With the many changes COVID-19 has brought to this year’s holiday, why not drop other traditions as well. We should change the outdated “pilgrims and Indians” narrative of Thanksgiving to honor Indigenous people. Though promoting the values of generosity, gratitude and community is more important than ever, celebrating Thanksgiving while ignoring its impact on Indigenous people naively glorifies a history of colonialism and suppression. Instead of commemorating the harmful, euphemized narrative, consider ways to celebrate a respectful Thanksgiving.

The Editorial Board urges you to study the real history of the holiday and reflect upon it. Educate yourself about the development of the Thanksgiving myth from Indigenous people’ points of view. Read stories written by Indigenous people and share positive representations of them. 

It’s important to acknowledge that we live on stolen land by educating ourselves about whose lands we are in. For people living in Davis, you live on land of the Patwin people, which today have three federally recognized tribes: Cachil DeHe Band of Wintun Indians of the Colusa Indian Community, Kletsel Dehe Wintun Nation and Yocha Dehe Wintun Nation. 

At the Thanksgiving table, you can revamp your dinner by adding food sources used by Indigenous people or foods native to the America’s. As a way to formally recognize and pay respect to Indigenous people, you can include a Land Acknowledgement at the beginning of your meal. 

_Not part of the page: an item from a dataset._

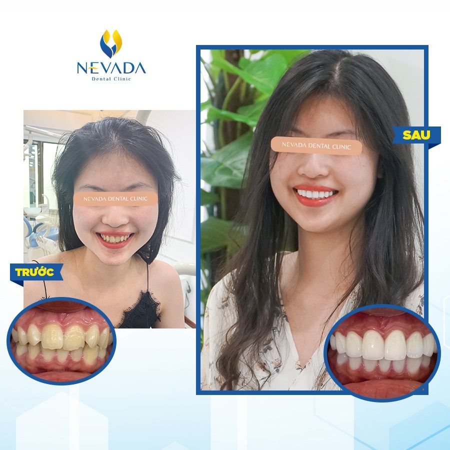 Tình trạng: hàm răng ố vàng, 2 răng cửa bị mẻ, khấp khểnh.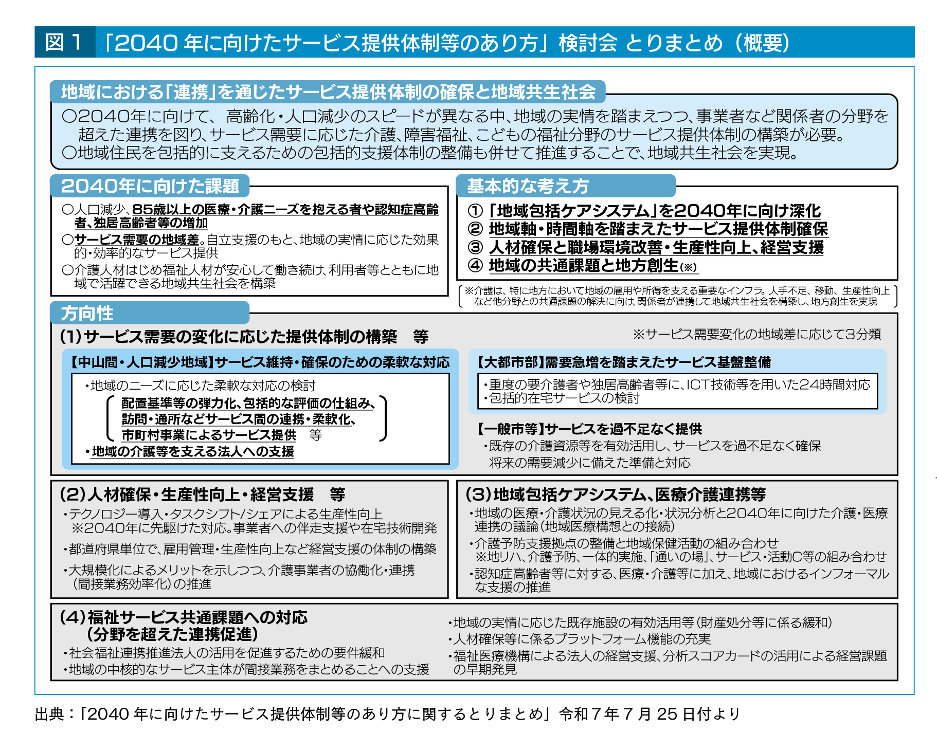 こうした状況を踏まえ、2025(令和7)年1月から「2040年に向けたサービス提供体制等のあり方」検討会において、地域軸・時間軸を踏まえつつ、高齢者に係る施策、その他(障害・児童等)のサービスも含めた共通課題について検討を進めてきた。その後、同年7月25日にとりまとめを公表した。

Instead of just expressing gratitude towards family and friends, you can show gratitude to Indigenous people by donating to organizations like the California Heritage Indigenous Research Project. The Editorial Board asks you to consider donating if you’re able, especially with any potential funds saved from smaller Thanksgiving gatherings this year. 

By changing the way we celebrate and adopting a more accurate story of the holiday, we can drop the traditionally whitewashed version of Thanksgiving. We are still living in a pandemic, one that disproportionately impacts Indigenous people to an extent we may not even know. It is crucial that as we reconsider certain traditions, we ensure that we hold holiday gatherings with caution and that we are conscious of Thanksgiving’s problematic history.